An alternative approach, commonly applied in oil toxicity tests, uses a single stock solution prepared at a high oil loading that is serially diluted to create a set of decreasing concentrations. However, there is a fundamental problem with this test design. When the WAF or CEWAF is diluted, the concentration of the dissolved oil components decreases and is no longer in equilibrium with the oil in the microdroplets. This causes further dissolution of oil components from the microdroplets until the solution reaches equilibrium. However, the dissolved concentration will be higher than predicted by the proportion of the dilution. Because dispersants create more microdroplets, the dissolved concentration in the CEWAF dilutions will be higher than in the equivalent WAF dilutions. This mismatch in the dissolved oil concentrations and composition can be corrected by direct measurement of the dissolved oil concentration in each dilution. However, without correction for the actual dissolved oil concentrations, a direct comparison of WAF and CEWAF toxicity will not produce meaningful results.

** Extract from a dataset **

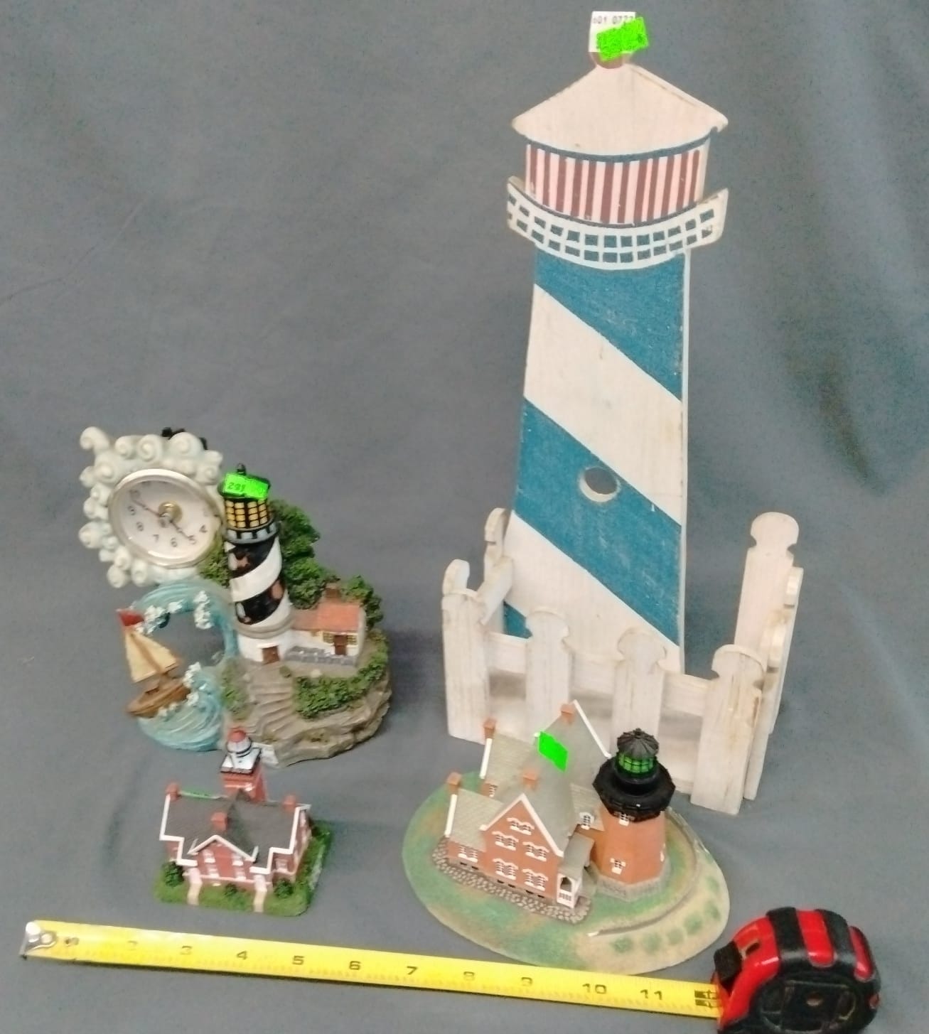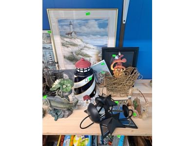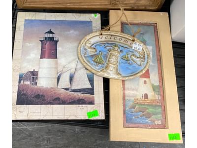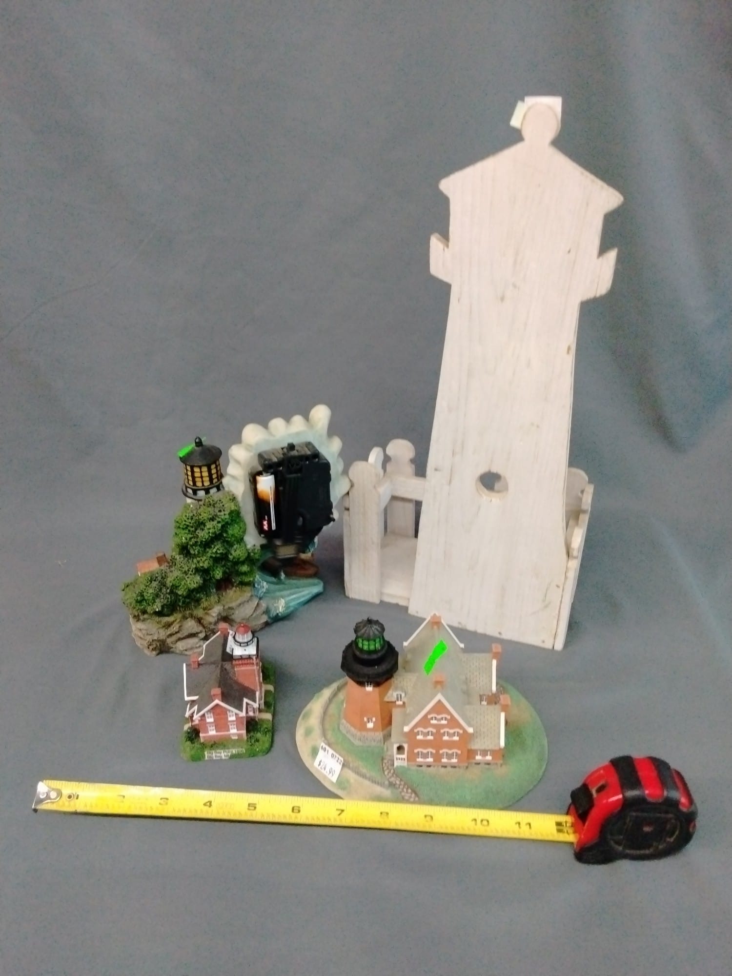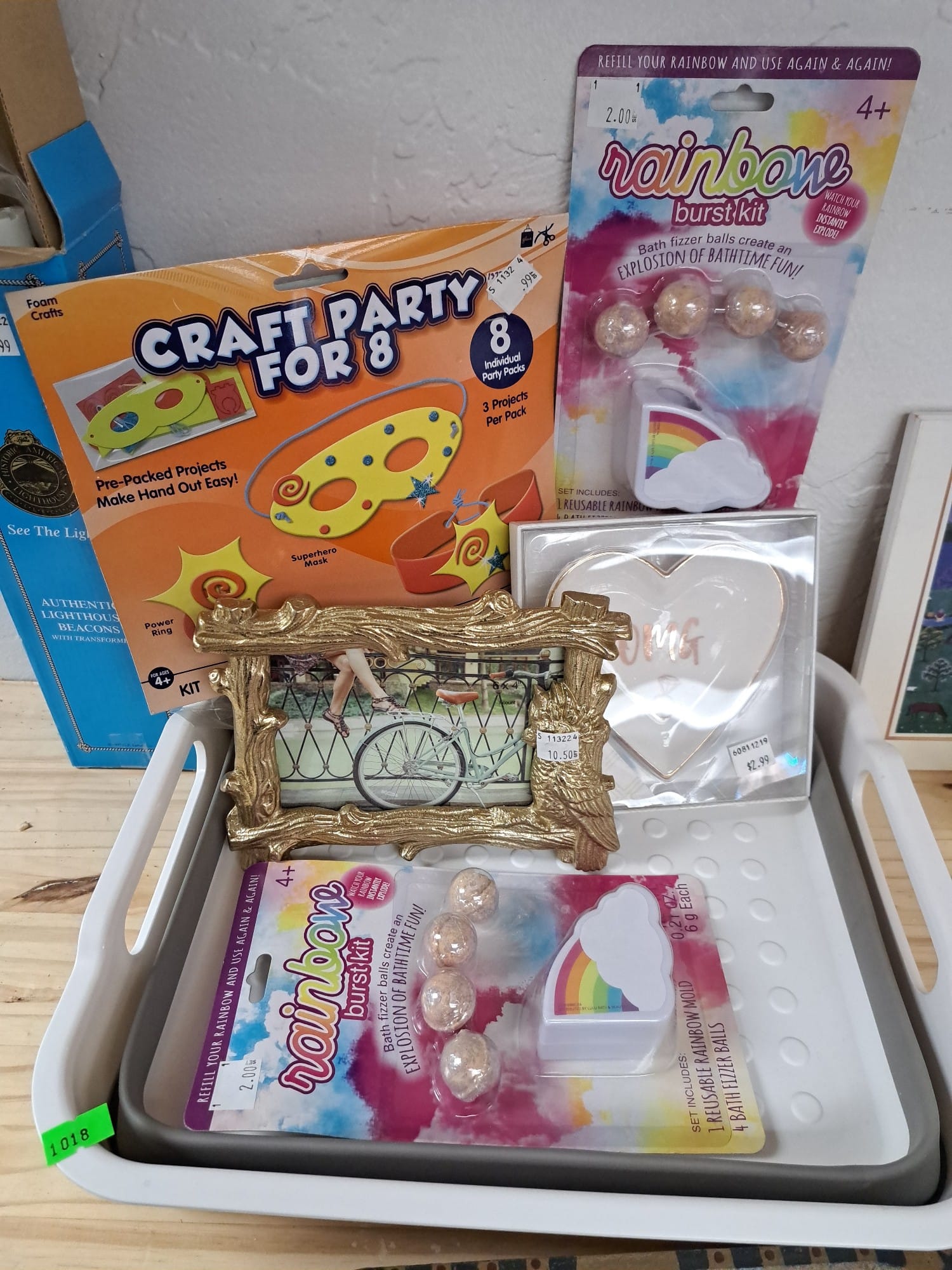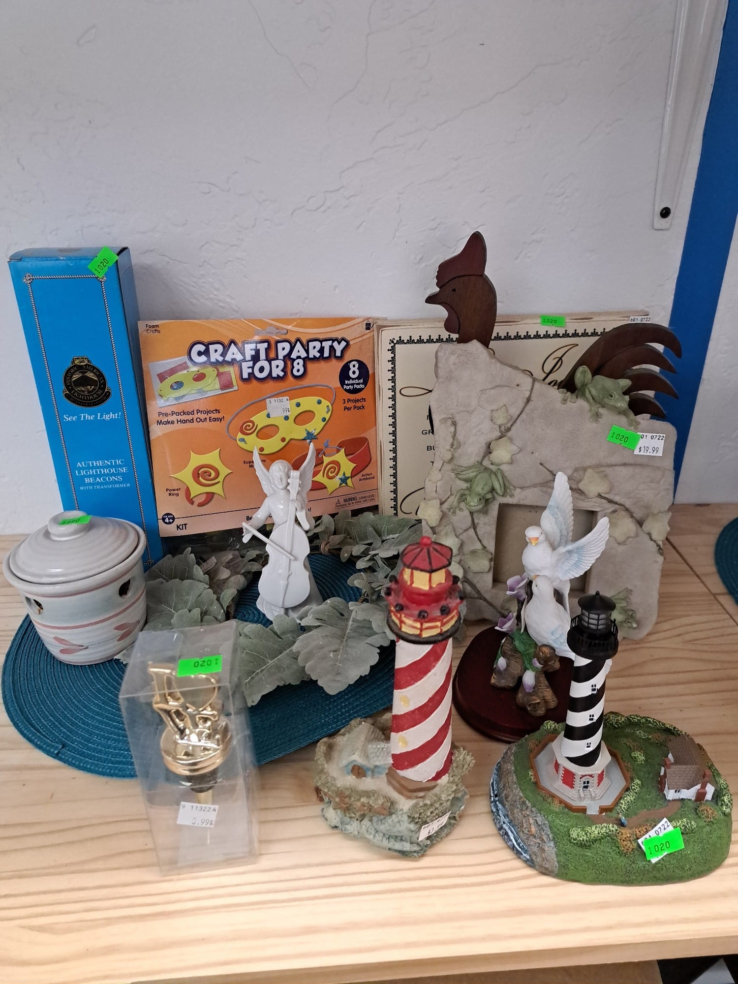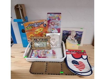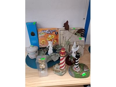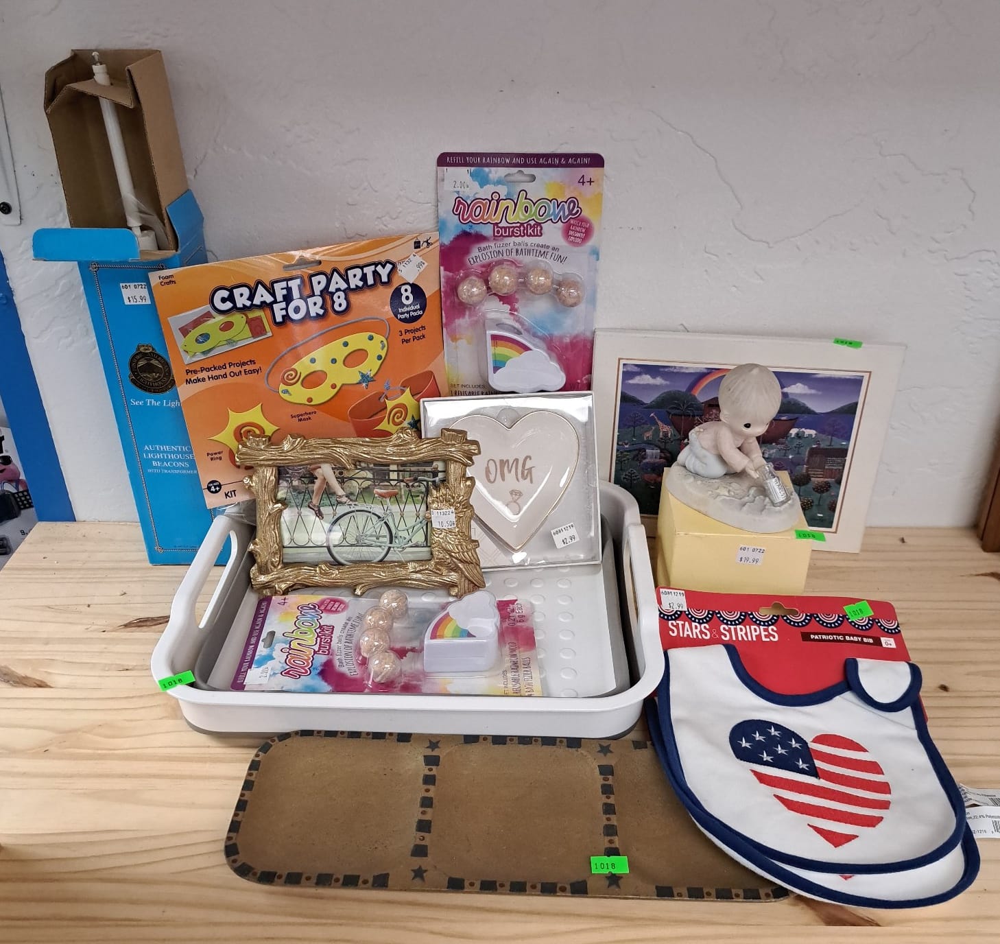 1018 Picture frame, bibs, Precious Moments figurine, bath balls, trays, craft party projects, model lighthouse beacon with transformer

Recommendation: Funding agencies, research consortia, and other sponsoring groups should require that research teams use standardized toxicity testing methods, such as those developed by the Chemical Response to Oil Spills Ecological Effects Research Forum (CROSERF) program, and analytical chemistry protocols to fully characterize hydrocarbon composition and concentrations in the exposure media. For testing the effect of dispersant, the variable loading test design is recommended.


Another consideration for assessing the use of dispersants is phototoxicity. When oil is exposed to sunlight, the toxicity of certain polyaromatic hydrocarbons (PAHs) that are absorbed by the organism can undergo a 10–100 fold increase in toxicity. Use of dispersants to reduce oil at the surface would therefore lower the potential aquatic toxicity of the oil. Exposure to sunlight can produce new compounds that have to be considered.

The NASEM report considers three primary means by which dispersants can influence or alter the health risks associated with an oil spill:

  • (1) adverse effects result from oil dispersant mixtures;

  • (2) dispersant use directly causes adverse effects; and

  • (3) indirect effects of dispersants altering the extent or duration of the spill.

During a spill response, the primary exposure pathways of concern are inhalation and dermal exposure of response workers. Direct effects to response workers may be mitigated through proper worker health and safety programs that focus on personal protective equipment and monitoring. Community health concerns arising from exposure to oiled shorelines; socioeconomic effects, such as disruption of commercial and subsistence fisheries; and concerns over contaminated seafood also need to be considered as factors in oil spill response.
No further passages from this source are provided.